Phylogenetic Analysis of Ammonia Monooxygenase (amoa) Genes From Desert Caves

Abstract

Nitrification is the process by which ammonia is oxidized to nitrate, and is an important biogeochemical reaction in the global nitrogen cycle. This process is catalyzed by ammonia monooxygenase (AMO), which is encoded by the amoA gene. Both bacteria (ammonia-oxidizing bacteria, or AOB) and archaea (ammonia-oxidizing archaea, or AOA) are capable of carrying out ammonia oxidation. This project focuses on the phylogenetic analysis of novel amoA genes from microorganisms found in caves. Through this project, amoA genes from two new metagenomes from Lehman Caves in Nevada and Lechuguilla Cave in New Mexico are being analyzed. Other amoA sequences used for phylogenetic comparison are being compiled from the scientific literature, including amoA studies that go back more than 23 years, as well as from metagenomes from other cave systems. At least one bacterial and one archaeal amoA have been identified so far, and preliminary BLAST analysis showed that these likely originated from close relatives of known ammonia oxidizers, including Nitrosomonas spp., and an unknown archaea.
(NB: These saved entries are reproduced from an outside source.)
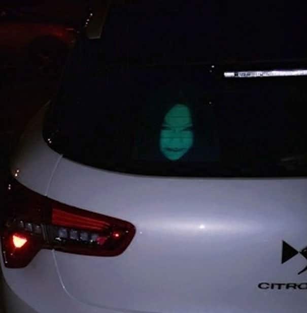 Toute la subtilité de la chose réside dans le fait que l’autocollant est invisible, jusqu’à ce que la voiture de derrière te mette ses pleins phares dans la tronche. Enfin, pas tout à fait dans la tronche en l’occurrence, mais vous voyez l’idée. Et lorsqu’il se révèle, c’est pour laisser apparaître un visage de femme relativement flippant. Genre bien blanc, bien mort. Un peu comme si c’était un fantôme, ou quelque chose de tout aussi effrayant… La fourchette de prix est entre 3 et 15€, selon le modèle choisi. Vous pouvez par exemple prendre l’autocollant à une tête. Et si vous êtes du genre bien vicieux, vous pouvez carrément opter pour l’autocollant à quatre têtes. Effet garanti !
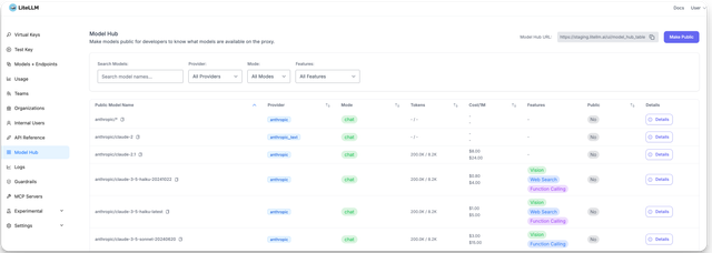 Admin can select models to expose on public model hub -> Users can go to the public url (/ui/model_hub_table) and see available models.
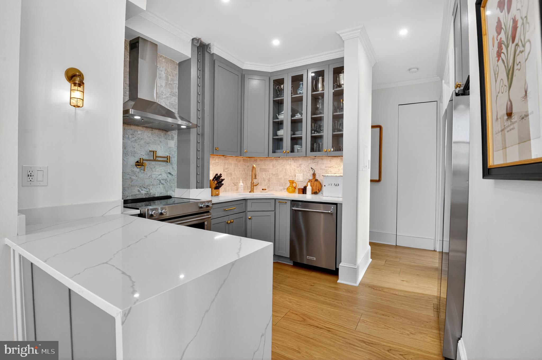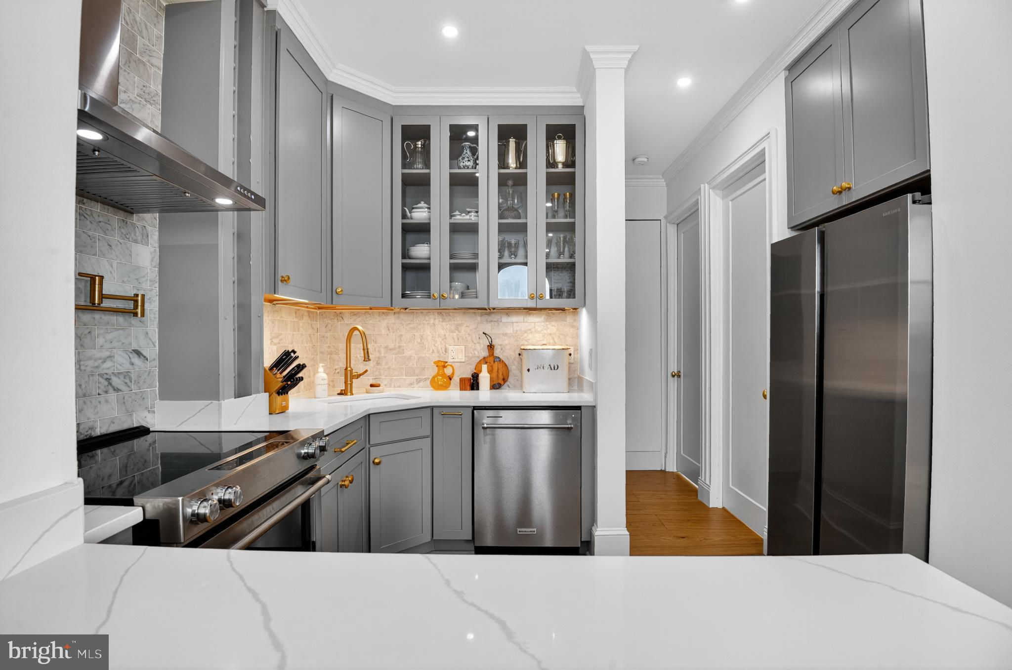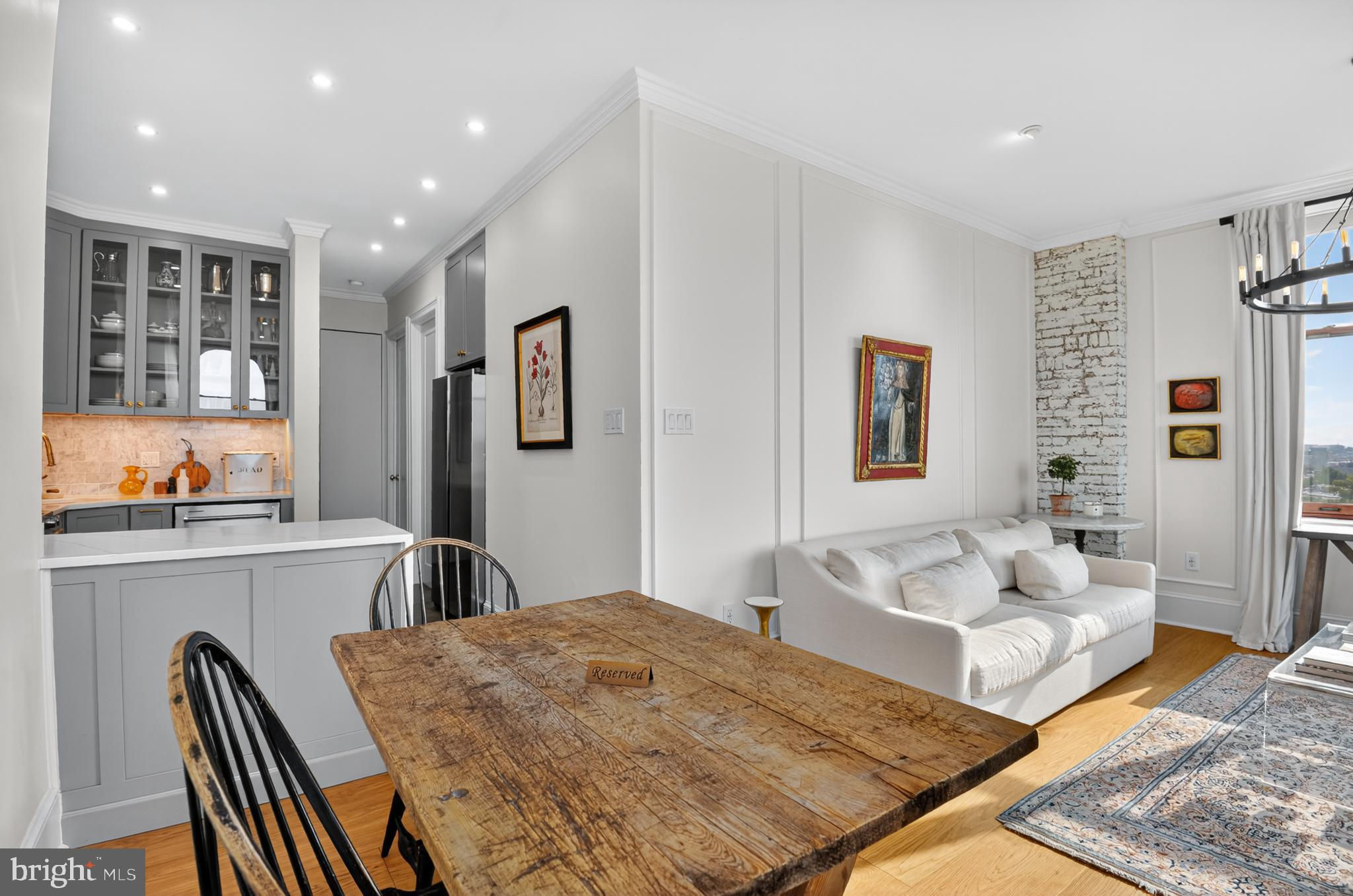 Rare Opportunity – Stunning Renovated Corner Unit with Iconic Views Perched high atop The Cairo, this completely renovated corner unit offers unbeatable panoramic views of Washington, D.C., including the Washington Monument, Capitol Hill, and the Potomac River. Oversized windows flood the space with natural light, highlighting the rich hardwood floors, custom moldings, and a bespoke kitchen featuring stainless steel appliances and quartz countertops. No detail has been overlooked. The home also includes an in-unit washer and dryer, recessed lighting, and built-in bookshelves. Located just steps from premier dining, shopping, and transportation, this residence boasts a Walk Score of 99—a true walker’s paradise. Garage parking is available for rent in the neighboring building for $250 per month.

Detailed phylogenetic analysis shows that the amoA from the ammonia-oxidizing bacterium is most closely related to Nitrosomonas spp. and to amoA recovered from other caves, as well as several pmoA sequences, indicating potential use of trace methane. We are now performing additional phylogenetic analyses to further classify these new amoA sequences and explore the evolution of ammonia-oxidizing microorganisms in caves, as well as to further explore the potential use of trace methane as an energy resource in desert caves. The work from this project will be used in future research aimed at uncovering new ammonia-oxidizing cave microorganisms and exploring their role in the subterranean nitrogen cycle.